In the nursing home context, that's probably a closer call than the court gave it credit for being. Justices Lanzinger and Lundberg Stratton concurred only in the judgment, and Lanzinger's opinion, and Justice Pfeifer's dissent, note a ground for substantive unconscionability not raised in the 8th's opinion: the strong preference for protecting nursing home residents, as evidenced by the General Assembly's passage of RC Chapter 3721, which includes a nursing home residents "bill of rights."
One of the problems with the opinion is that it does little to analyze and clarify the law in this area. As I've pointed out before, the mantra in arbitration cases is that the party seeking to avoid arbitration must provide a quantum of evidence that the clause is both substantively and procedurally unconscionable. No explanation is ever offered as to exactly what "quantum" of evidence that is (prima facie? preponderance? clear and convincing?), nor why the party must show both. If all of the claims of procedural unconscionability in Hayes' case had been demonstrated by evidence (Pfeifer's opinion gives a rundown of those), would the agreement have been saved by virtue of the fact that it wasn't substantively unconscionable? Again, one looks in vain through the majority's opinion for any answer or explanation to those questions.
Actually, Pfeifer's dissent provides a compelling analysis of the latter question.
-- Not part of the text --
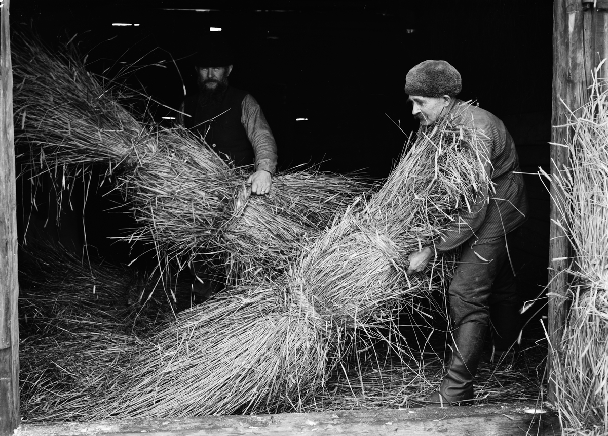 Bindning av halmkärvar, Villsberga, Biskopskulla socken, Uppland

While he doesn't address the "quantum" question, he cites case law from other jurisdictions that view the two types of unconscionably not in isolation, but in comparison to one another:
The substantive/procedural analysis is more of a sliding scale than a true dichotomy. The harsher the clause, the less "bargaining naughtiness" that is required to establish unconscionability.
If you're a plaintiff seeking to avoid arbitration in these types of cases, that's language you should pounce on.
What's perhaps most disturbing about the majority opinion is that it pays no real heed to the recent evolution of arbitration agreements. While such agreements used to be common in business contracts, they've become increasingly frequent in all manner of consumer contracts, from cell-phone subscriptions to car purchases. It's one thing when two parties of relatively equal bargaining power agree to resolve any disputes through arbitration; it's another when such a provision is included on a take-it-or-leave-it basis in contracts between a huge corporation and an individual consumer. For the most part, appellate courts which addressed arbitration clauses in such agreements have recognized the inherent inequality of the parties' bargaining positions. You won't find any of that in the majority's opinion in Hayes.